# Resource that lists the characters of the Bible by chapter and/or book?



## xirtam (Sep 9, 2013)

Does anyone know of a site or online resource that lists the characters of the Bible by chapter and/or book?


...besides the Bible (for those that might be tempted).


----------



## Contra_Mundum (Sep 9, 2013)

I have this book (it must have been given to me). It is not precisely what you describe as your wish. It is an alphabetical resource. Most entries are fairly short, stick to the facts, may give several persons with the same name. Some "high value" individuals have articles devoted to their description. I do not know (because the reference is at work) if there is a Scripture index, which would therefore give you all the entries in a single book

New International Encyclopedia of Bible Characters: Paul D. Gardner: 0025986240073: Amazon.com: Books


----------



## jandrusk (Sep 9, 2013)

How about this?

Complete Bible Genealogy - Jesus family tree - Kings of Judah and Israel


----------



## xirtam (Sep 9, 2013)

That is pretty good, but I'd still have to search and compile a list. I will use that if I can't get anything else. It looks like a good resource though.

I'm doing a Bible survey course and I'm to read the bible doing a surface level summary of predetermined portions at a time. Before I started I had asked the professor three times if I had to include the names of each character in the passage, but he did not respond.
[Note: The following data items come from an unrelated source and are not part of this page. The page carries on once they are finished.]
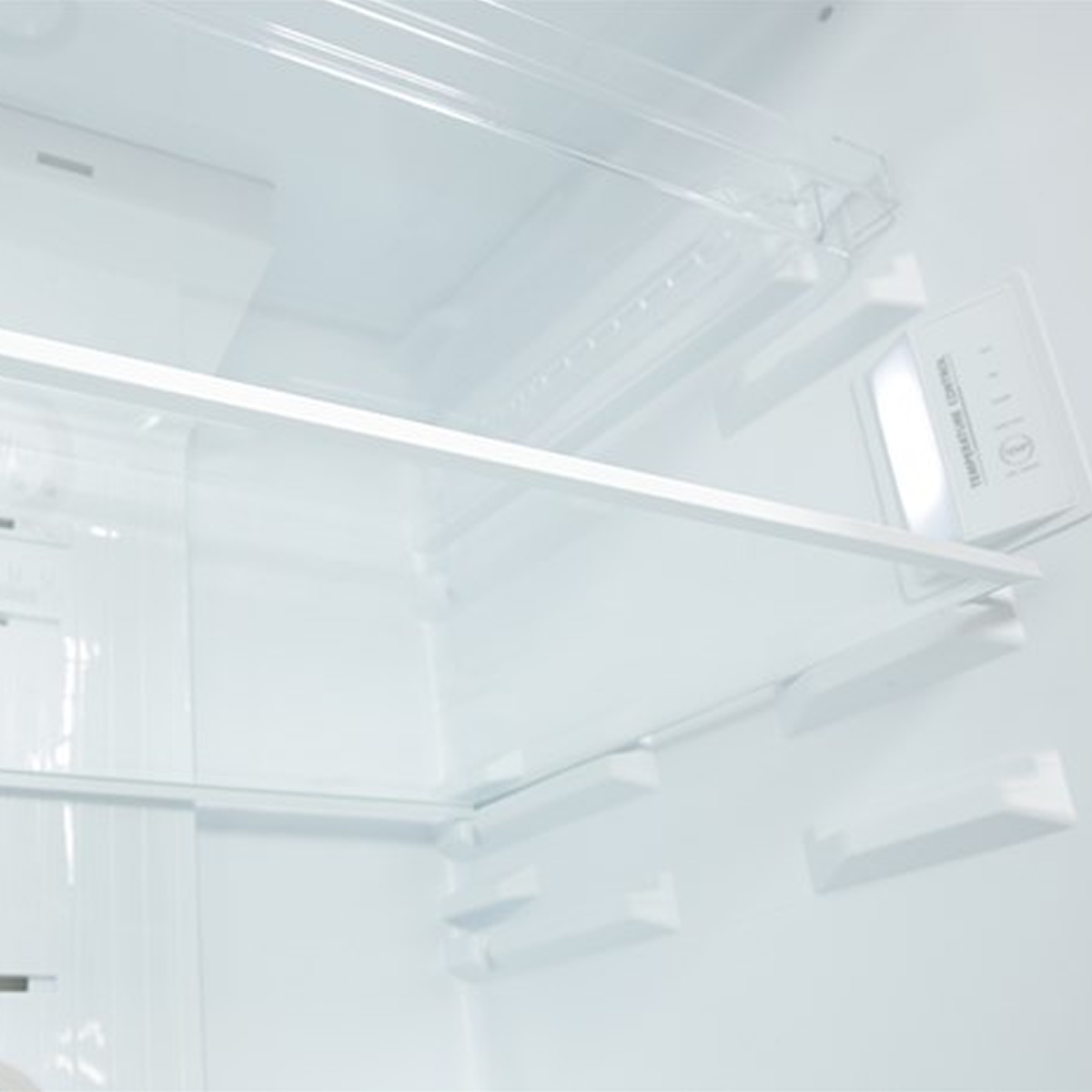 Khu vực ngăn lạnh được sắp xếp nhiều kệ kính cường lực có khả năng chịu tải đến 100 kg, hỗ trợ đặt nồi, khay hoặc hộp thực phẩm kích thước lớn. Cách bố trí kệ linh hoạt giúp dễ tùy chỉnh chiều cao, tối ưu không gian cho từng loại thực phẩm khác nhau.
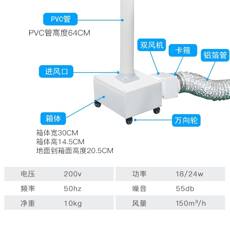 艾灸排烟机吸烟机烟雾净化系统移动式家用排烟管罩艾灸馆抽除烟器
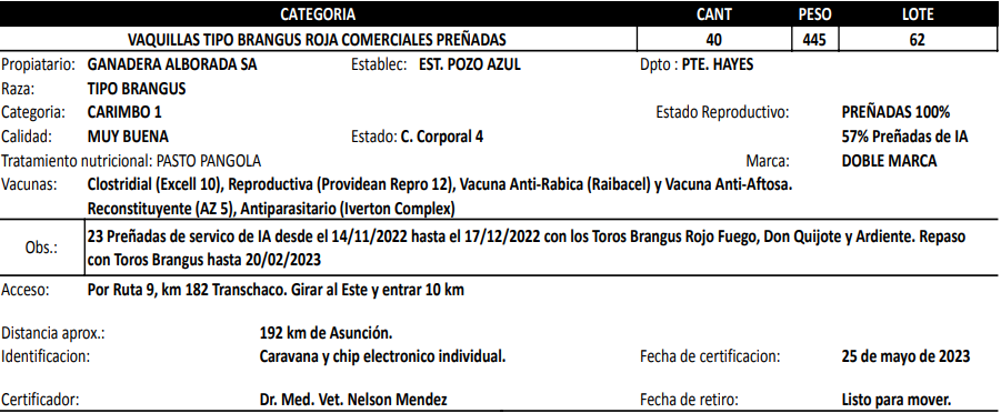 | Raza | TIPO BRANGUS ROJO |
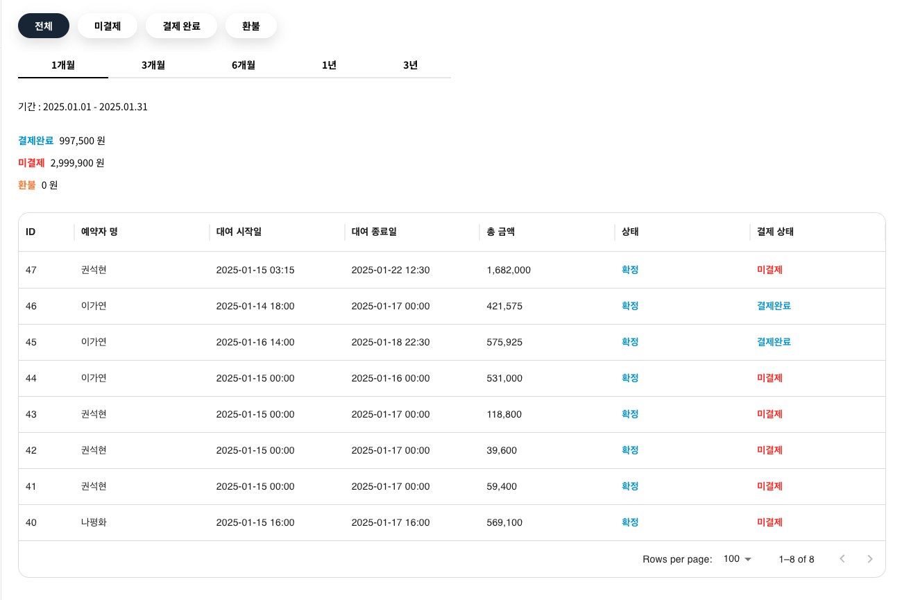 회원별, 예약별로 정산 내역을 한 번에 확인! 💡
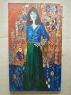 Lately, she has been working on abstract expressionism. Abstract Expressionists emphasize free, spontaneous, and personal emotions and they exercise considerable freedom of technique to reach this goal, with an emphasis laid on the exploitation of the variable physical character of paint to evoke expressive qualities.
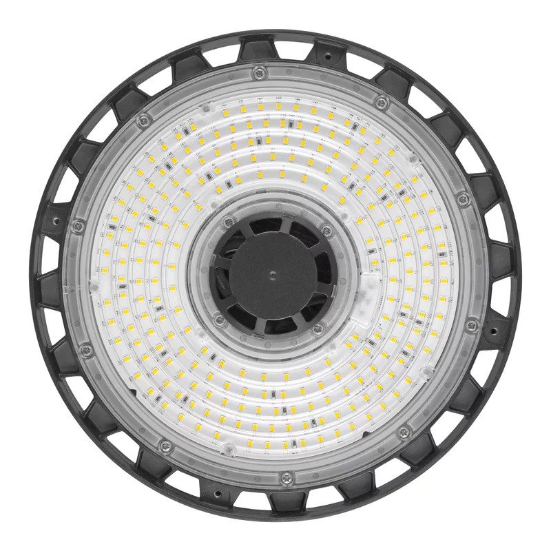 Vysokovýkonné závesné výškové LED svietidlo High Bay, prepínateľný výkon - 75/53 W • svetelný tok: 13500/9540 lm • farba svetla: neutrálna biela (4000K) • napätie: 220-240V • uhol lúča: 110° • ochrana: IP66 • rázová odolnosť: IK10 • materiál: hliník, PC • farba: čierna • priemer: 28 cm • výška: 16,1 cm
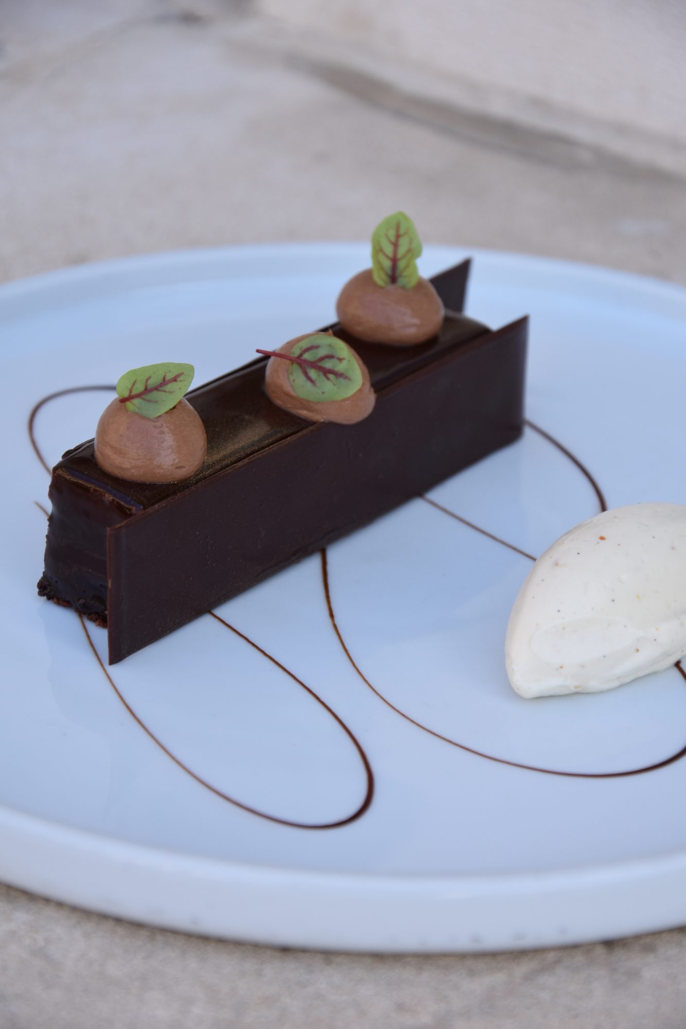 - Шоколадный десерт с бобами тонка и лакричным мороженым.
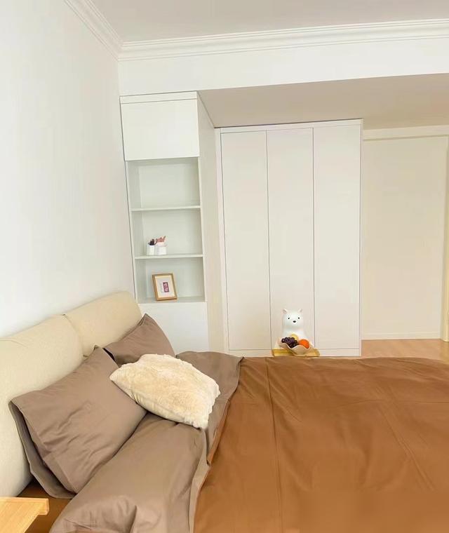 臥室一櫃到頂,開放格放小物件,雜物少了,掃地機器人跑得歡。
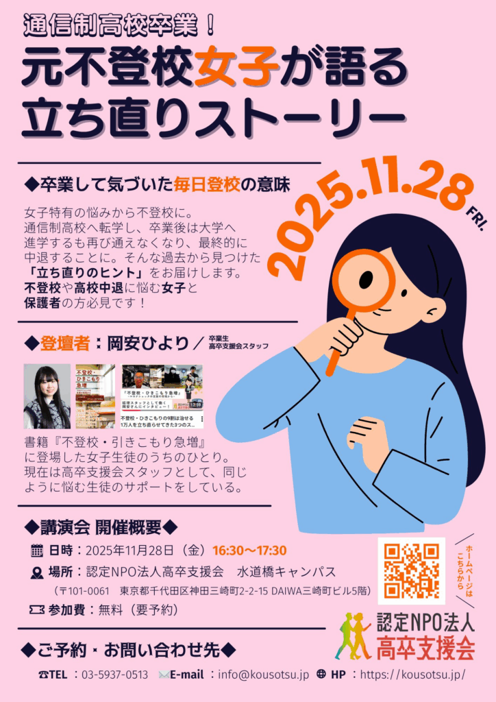 📢 【講演会のお知らせ】元不登校女子が語る 立ち直りストーリー
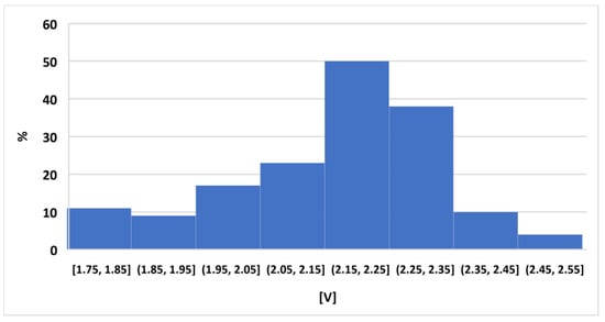 As reported in the electric scheme in Figure 2, the high-side device is used as a driver, and at its gate is applied a double pulse signal. The low side device is the DUT, and it is kept off by a negative voltage VG_L. Figure 4 shows the trends of double pulse test signals Vgs and Vds of the high-side MOSFET, the Vds of the low-side MOSFET and the load current. The front at which reverse recovery occurs is highlighted by the shaded orange area (t2). During the first pulse (t0–t1), the inductor L is charged. During the dead time between the two pulses (t1–t2), the inductor forces a current to flow through the body diode of the low-side MOSFET, and, in the rising edge of the second pulse (t2), a positive VDS_L is applied to the body diode, so its current decreases to zero and then flows in the opposite direction in order to carry out the charges stored in the drift region (reverse recovery current). The device used for this analysis is a Gen 3 750 V SiC MOSFET 11 mΩ. Three samples have been selected considering the distribution of static parameters among a sample of 200 devices. The devices under tests belong to three different values of threshold voltage, according to the statistical distribution reported in Figure 5. Considering that 50% of devices have Vth between 2.15 V and 2.25 V, this group has been considered to select the device (“Typ”) with typical Vth. The device (“Min”) with minimum Vth has been selected from the group 1.75 V–1.85 V, while the device (“Max”) with maximum Vth has been selected from the group 2.45 V–2.55 V. These three values of Vth have been chosen in order to investigate how parasitic turn-on (PTO) and snappy recovery (SR) are influenced by the threshold voltage of the device.
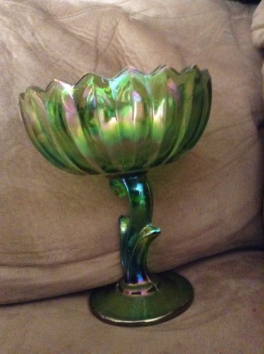 Title (ebay affiliate link): BEAUTIFUL IRIDESCENT BLUE/GREEN DEPRESSION ERA CARNIVAL GLASS FLOWER&STEM DISH-
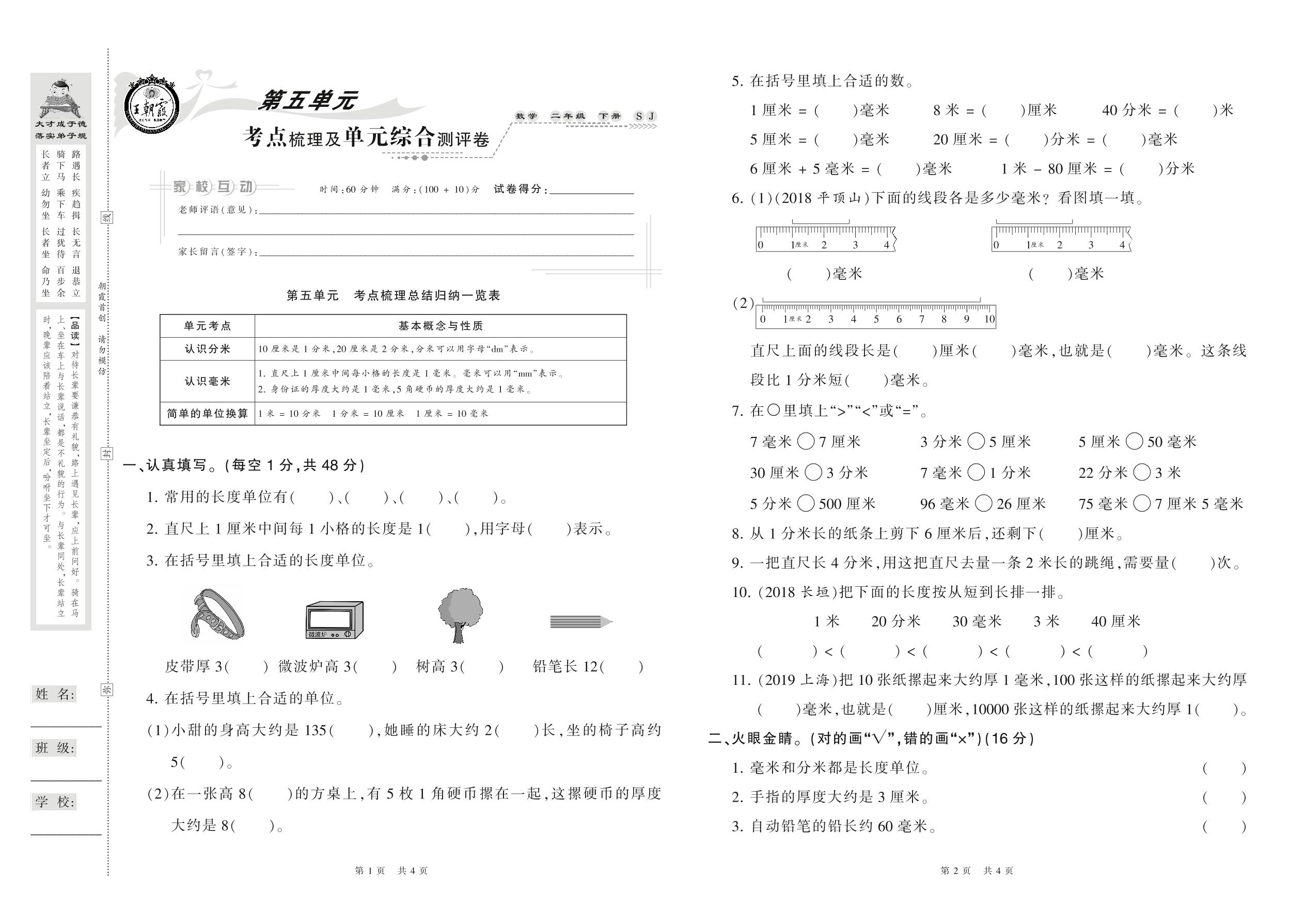 2021下册二年级数学苏教版 第五单元 考点梳理及单元综合测评卷
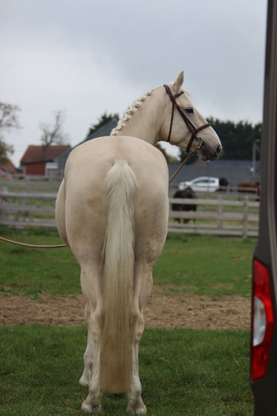 ✨ Couleur et taille uniques ! 🐴 Race : Irish Sport Horse 📏 Taille : 1,70 m 📅 Âge : 4 ans 💪 Morphologie : très large et robuste - Travaillé en selle, mais encore vert dans sa formation. - Pas et trot bien établis ; il se déplace de manière détendue et fluide. - Galop nécessite encore un peu de stabilité. - Très gentil en main — un vrai nounours 🥰 (il se blottirait dans votre poche !). - S’entend bien avec d’autres chevaux, aussi bien en carrière qu’au pré. Ce beau hongre, en raison de son âge et de sa carrure, ne convient pas à un cavalier débutant, mais il possède un potentiel énorme pour quelqu’un d’expérimenté. Idéal pour celui ou celle qui souhaite un cheval qui attire tous les regards, encore entièrement à former selon ses souhaits ! 📞 Plus d’informations : +32 475 68 22 43 🎥 Pour des vidéos : demandez notre site internet.
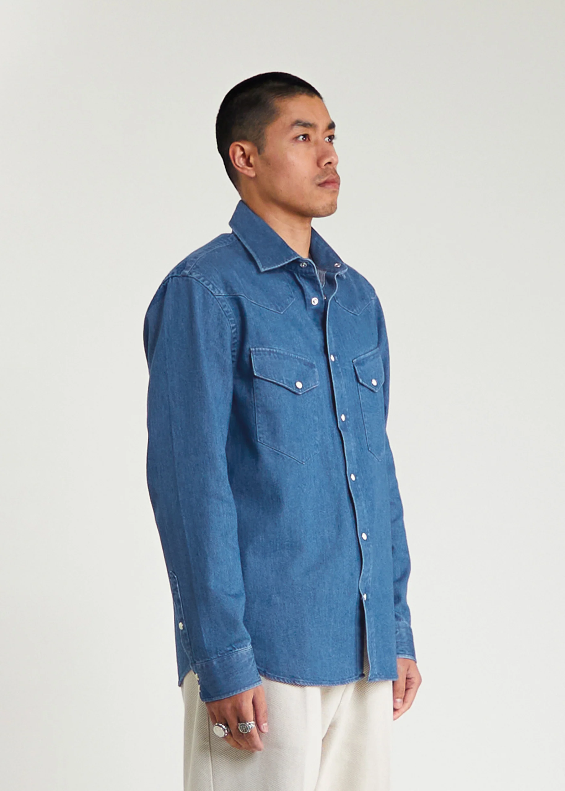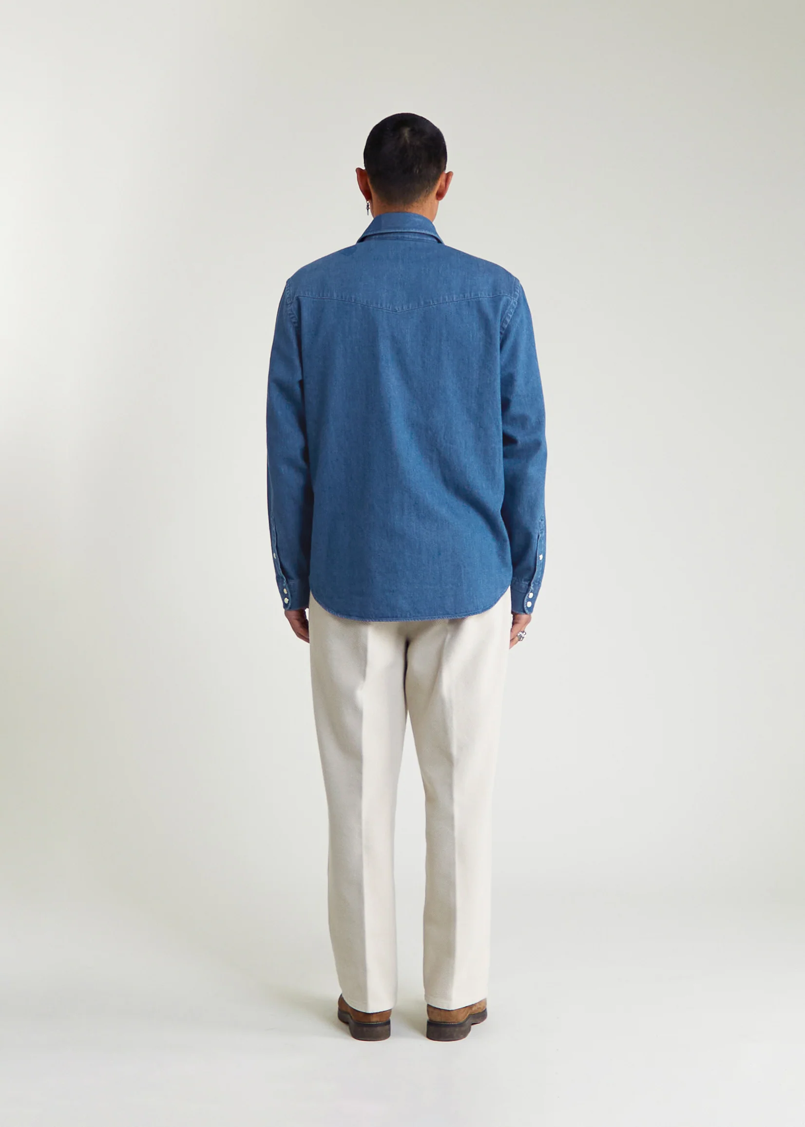 La nôtre se distingue par son tissu italien délavé à la main dense et ferme, ses poches asymétriques aux angles travaillés et son col français soigneusement proportionné.
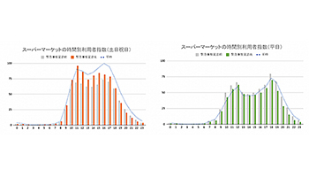 スーパーマーケットの時間別利用者指数。平日13時~16時あたりがねらい目

I am over half finished with the summaries, but did not write down the major characters, so now I'm trying to "go back" and gather the names without having to read over again. 

I know it does not hurt to read the Bible, but I am doing two online courses, Hebrew being the other and I have a new born and a family that does not allow for long periods of study.

Any other resources would be appreciated.


----------



## xirtam (Sep 9, 2013)

I have been informed that the Logos Bible software program that I own does this with a click of a button. 


If you have any other resources, I'll still check them out.

In Christ,


----------